====== DATA SUPPLIED ======

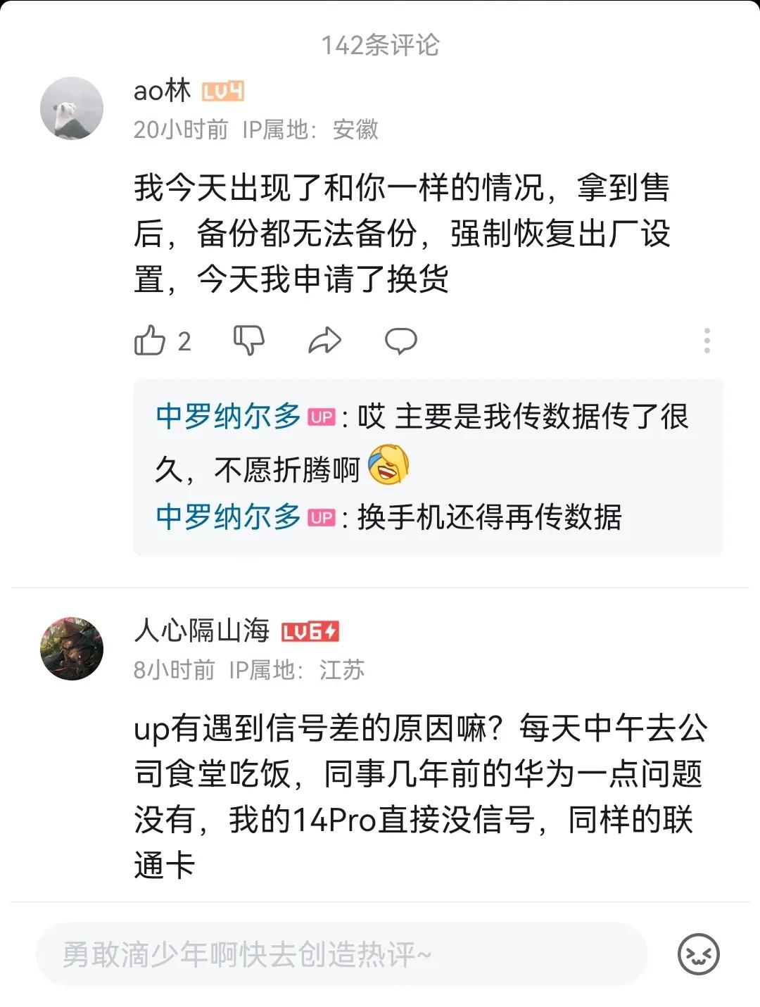 用户10xxx77 3 2023-11-18 20:58 这些人真难伺候,又不是什么大问题,重启一下会死人吗?又不是不能用,毕竟价格摆在那,作为真米粉,不能小题大做,忍忍就好。 大牛 回复 11-18 21:40 重启真不能用,只能刷机[哭着笑] 用户10xxx77 回复 大牛 11-18 22:08 刷机就刷机吧,雷总做手机都要不赚米粉的钱了,还想怎样?哪怕问题再多,也要忍忍,不要给雷总太多压力,要不然米粉以后都买不到便宜手机了,雷总是米粉的大救星
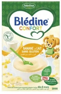 La BLEDINE Banane et lait est une céréale infantile sans gluten, conçue pour les bébés dès 6 mois. Elle contient des ingrédients tels que farine de blé, lait écrémé, et flocons de banane.
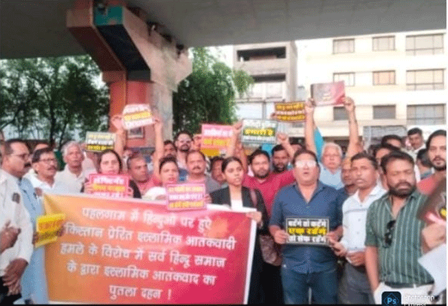 हिंदू तीर्थयात्रियों पर आतंकी हमले के विरोध में राष्ट्रपति को सौंपा गया ज्ञापन, इंदौर में पाकिस्तान का पुतला दहन
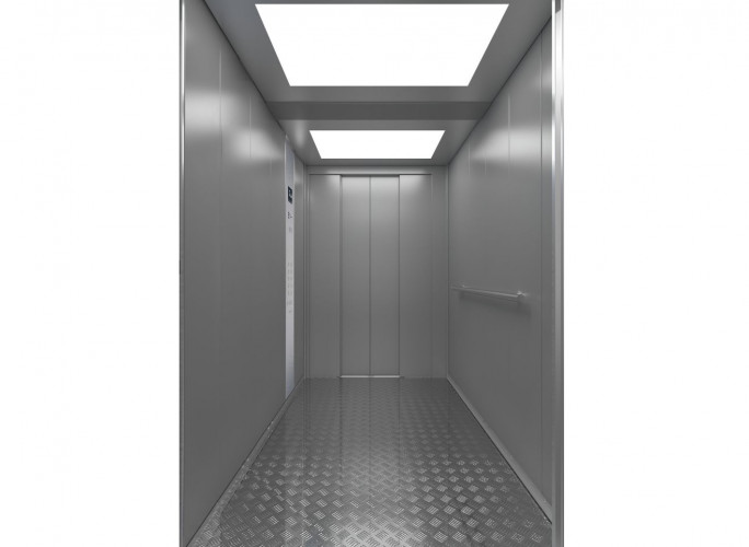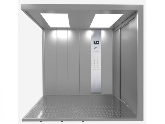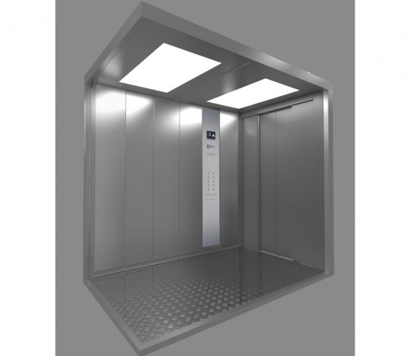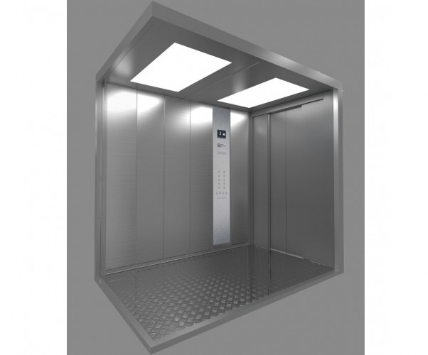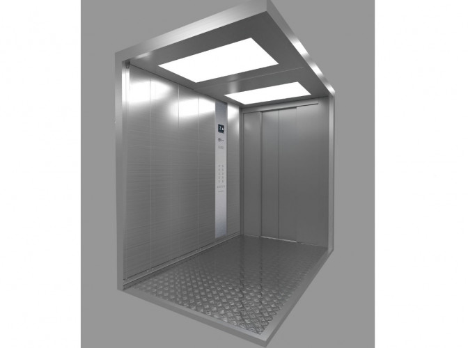 - Материалы: Все ключевые элементы, такие как щиты, потолок, двери кабины и шахты, выполнены из нержавеющей стали для повышенной прочности и долговечности.
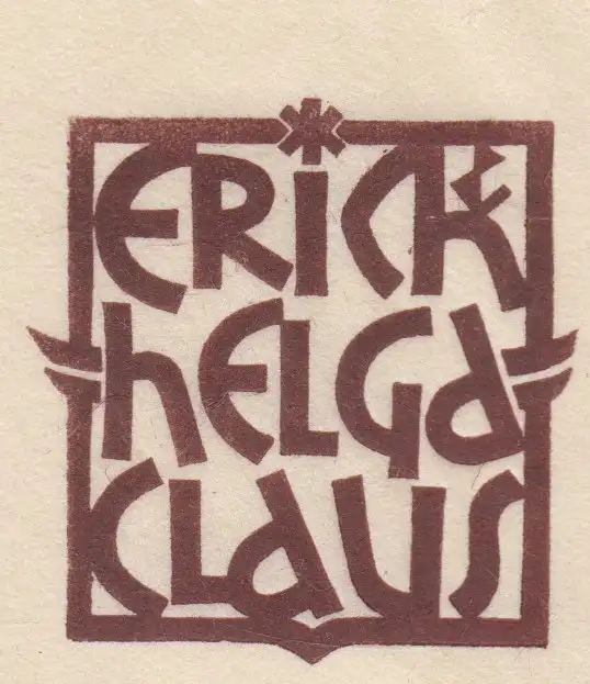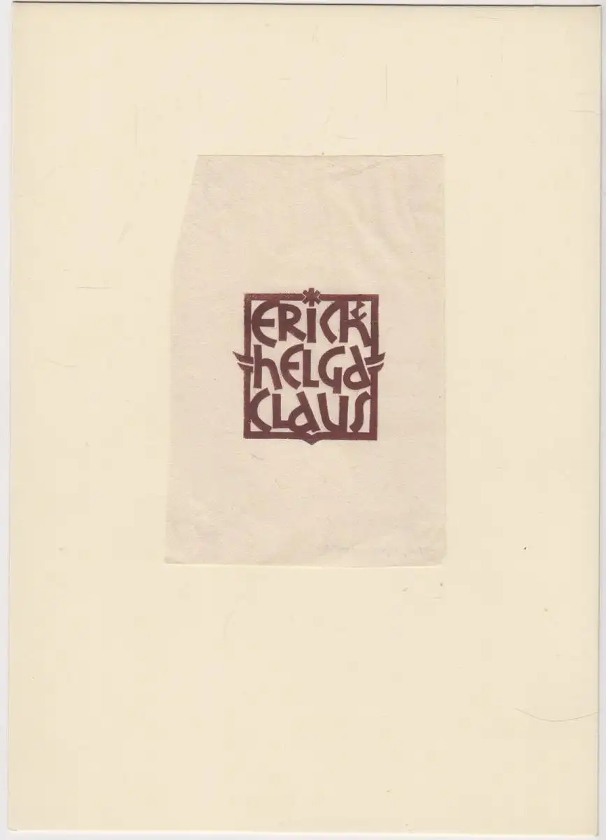 Bemerkungen: Zustand: Gut. Blatt minimal berieben // Exlibris für Erick und Helga Claus. Der Druck wurde auf Rückwandkarton geklebt und hat selbst ein Maß von 11,5 x 7,5 cm.
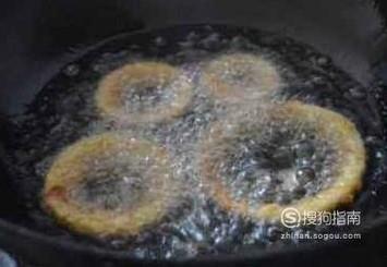 在锅中放入食用油,油热后,将蘸好面包糠的洋葱圈放入油锅中,中火炸至金黄色,就可以捞出来了。金黄酥脆,特别香。
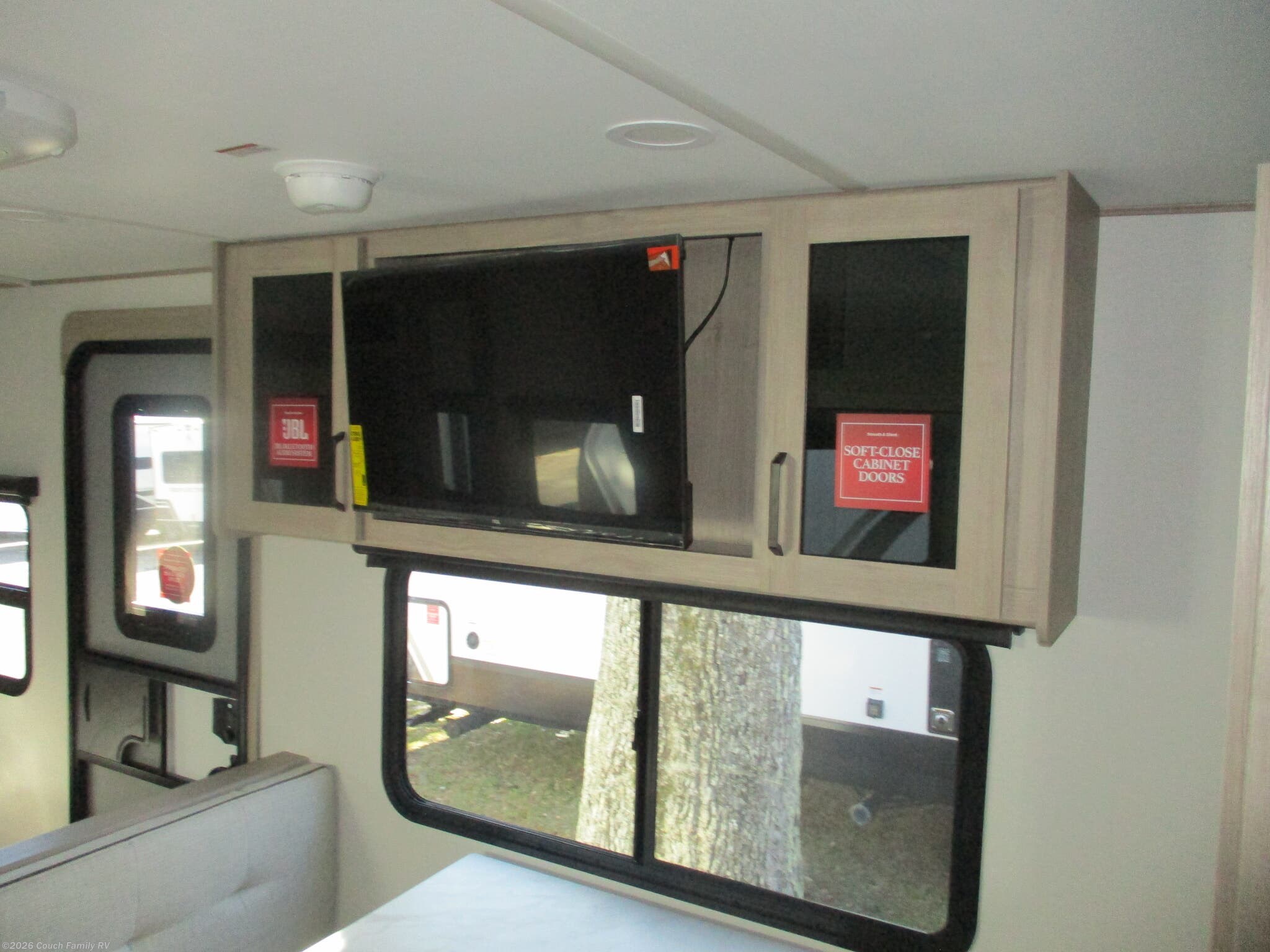 - Exterior amenities like a ladder, power roof vent, and leveling jacks for easy maintenance
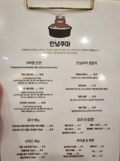 Read more마라 샤브샤브 주문했습니다 곰돌이 샤브샤브 너무귀엽고 마라탕맛나면서 맛있었어요 정말맛있게 잘먹었어요. 음식이 늦게 나왔는데 이에대해 양해를 구하는 직원분도 정말친절하고 서비스 응대방식 너무 좋았어요 눈과 입이 즐거웠어요 테이블이 커서 좋았고 깨끗한 인테리어와 편안한의자도 있어서 편안하게 식사하고 가기 좋았습니다 지글지글 끓일수록 진해지는 육수맛도 감칠맛났습니다 닭고기,돼지고기, 소고기가 나오는데 개인적으로 닭고기가 제일 별로였고 돼지고기,소고기가 샤브샤브와 잘어울렸어요. 다른음식들도 너무 기대가됩니다 재방문의사있구요 좋은 음식 맛있게 잘먹고갑니다...
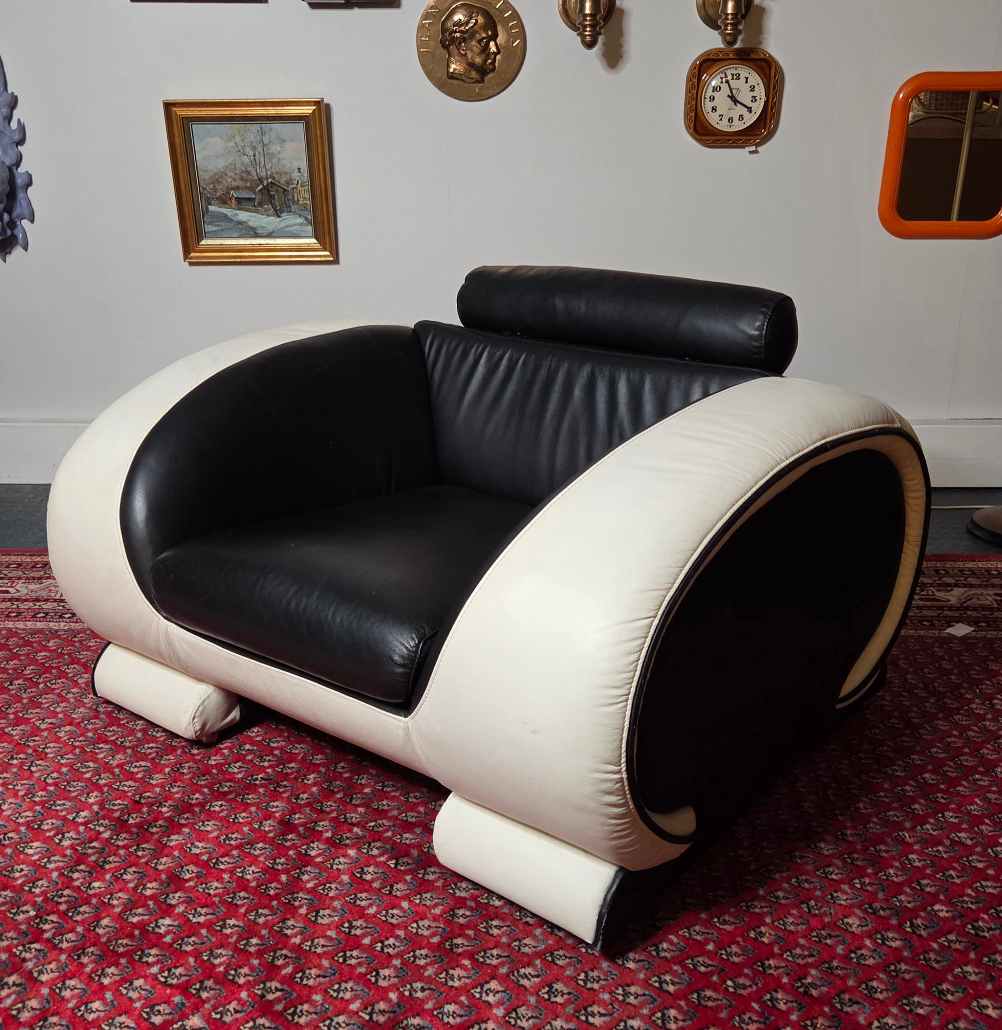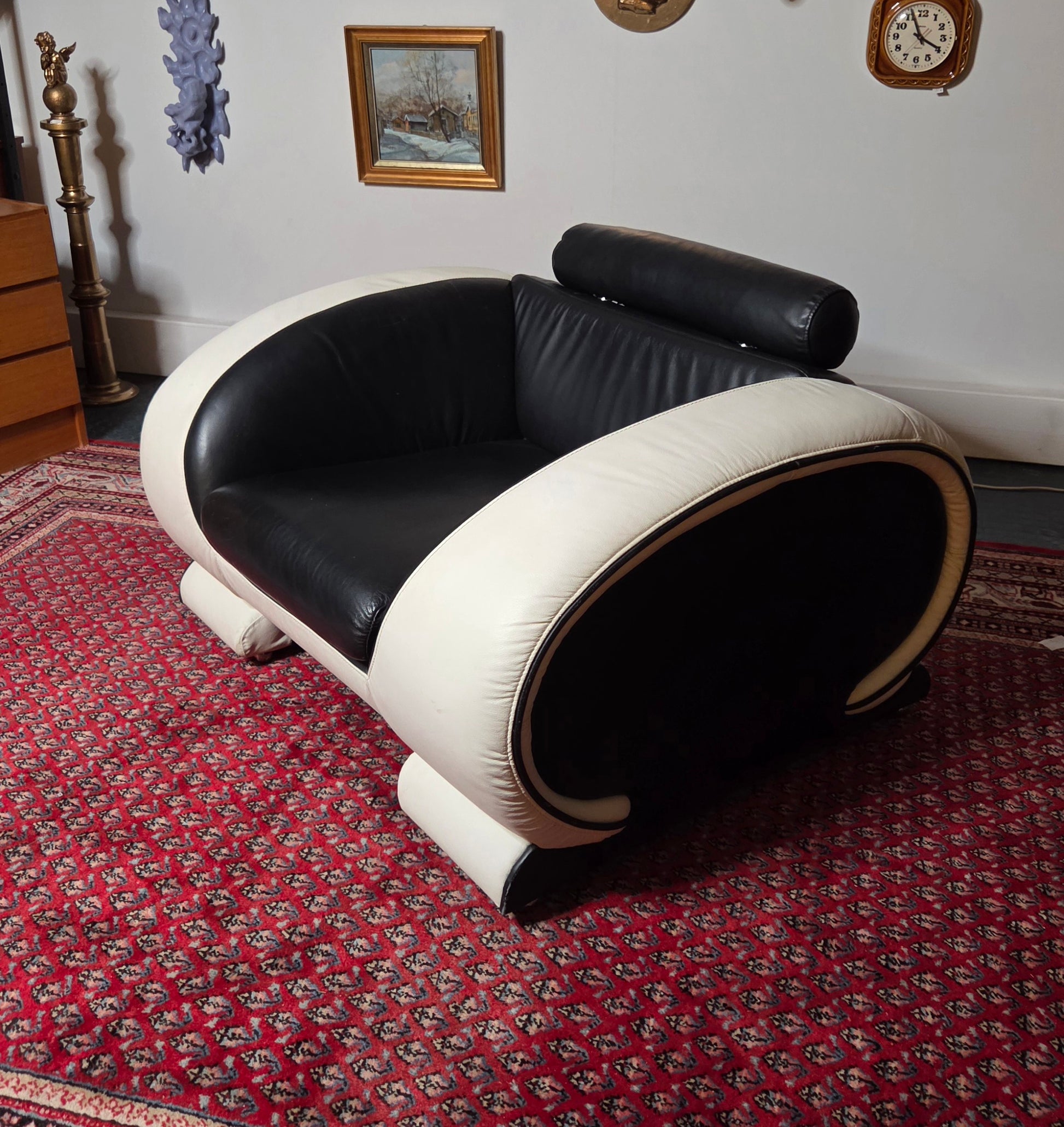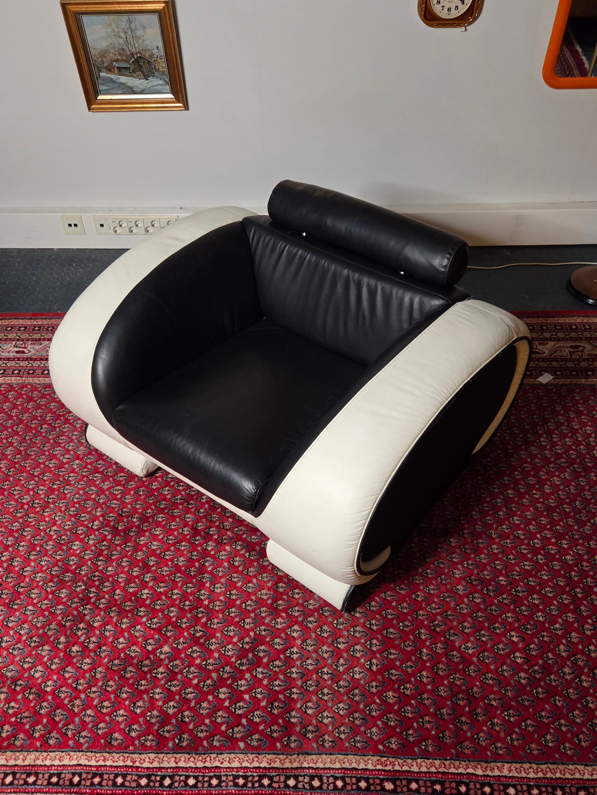 Tyylikäs ja harvinaisempi 90-luvun nojatuoli näyttävällä musta–valkoisella värityksellä. Aitoa nahkaa, joka on hyvin säilynyt – kunto kokonaisuutena hyvä. Futuristinen muotoilu ja kaarevat linjat tekevät tästä todellisen katseenvangitsijan mihin tahansa tilaan.
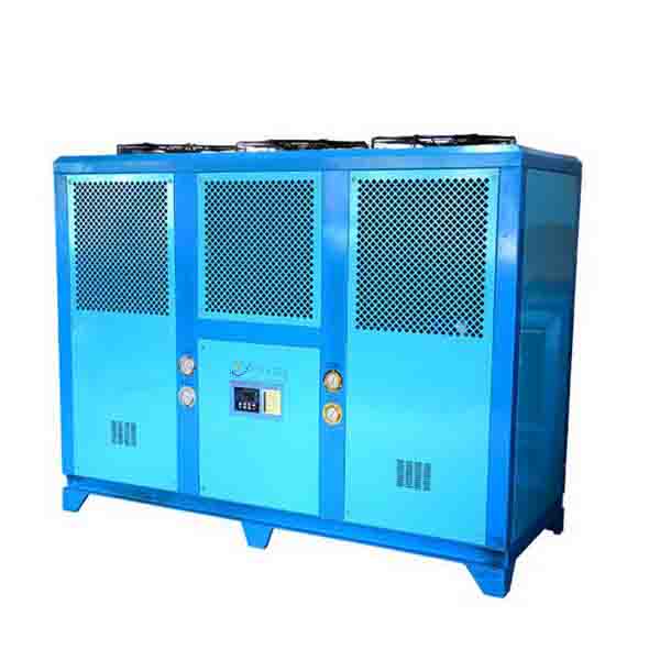 風(fēng)冷式工業(yè)冷水機(jī)一般為整體機(jī),及蒸發(fā)器、壓縮機(jī)和冷凝器做在一起。對于稍大功率的風(fēng)冷式工業(yè)冷水機(jī),則需要考慮其工作時(shí)冷凝器散熱風(fēng)扇的散熱問題。在空調(diào)廠房里應(yīng)用,整體機(jī)需要設(shè)置排風(fēng)道將散熱風(fēng)扇吹出的熱量引到室外。

======

◆ REQUIREMENT
Which lines run from the one holding "Bemerkungen: Zustand: Gut." through the end of the records? Reproduce them word for word, both ends included, with no pictures.

◆ EXERCISE RESULT
 Bemerkungen: Zustand: Gut. Blatt minimal berieben // Exlibris für Erick und Helga Claus. Der Druck wurde auf Rückwandkarton geklebt und hat selbst ein Maß von 11,5 x 7,5 cm.
 在锅中放入食用油,油热后,将蘸好面包糠的洋葱圈放入油锅中,中火炸至金黄色,就可以捞出来了。金黄酥脆,特别香。
 - Exterior amenities like a ladder, power roof vent, and leveling jacks for easy maintenance
 Read more마라 샤브샤브 주문했습니다 곰돌이 샤브샤브 너무귀엽고 마라탕맛나면서 맛있었어요 정말맛있게 잘먹었어요. 음식이 늦게 나왔는데 이에대해 양해를 구하는 직원분도 정말친절하고 서비스 응대방식 너무 좋았어요 눈과 입이 즐거웠어요 테이블이 커서 좋았고 깨끗한 인테리어와 편안한의자도 있어서 편안하게 식사하고 가기 좋았습니다 지글지글 끓일수록 진해지는 육수맛도 감칠맛났습니다 닭고기,돼지고기, 소고기가 나오는데 개인적으로 닭고기가 제일 별로였고 돼지고기,소고기가 샤브샤브와 잘어울렸어요. 다른음식들도 너무 기대가됩니다 재방문의사있구요 좋은 음식 맛있게 잘먹고갑니다...
 Tyylikäs ja harvinaisempi 90-luvun nojatuoli näyttävällä musta–valkoisella värityksellä. Aitoa nahkaa, joka on hyvin säilynyt – kunto kokonaisuutena hyvä. Futuristinen muotoilu ja kaarevat linjat tekevät tästä todellisen katseenvangitsijan mihin tahansa tilaan.
 風(fēng)冷式工業(yè)冷水機(jī)一般為整體機(jī),及蒸發(fā)器、壓縮機(jī)和冷凝器做在一起。對于稍大功率的風(fēng)冷式工業(yè)冷水機(jī),則需要考慮其工作時(shí)冷凝器散熱風(fēng)扇的散熱問題。在空調(diào)廠房里應(yīng)用,整體機(jī)需要設(shè)置排風(fēng)道將散熱風(fēng)扇吹出的熱量引到室外。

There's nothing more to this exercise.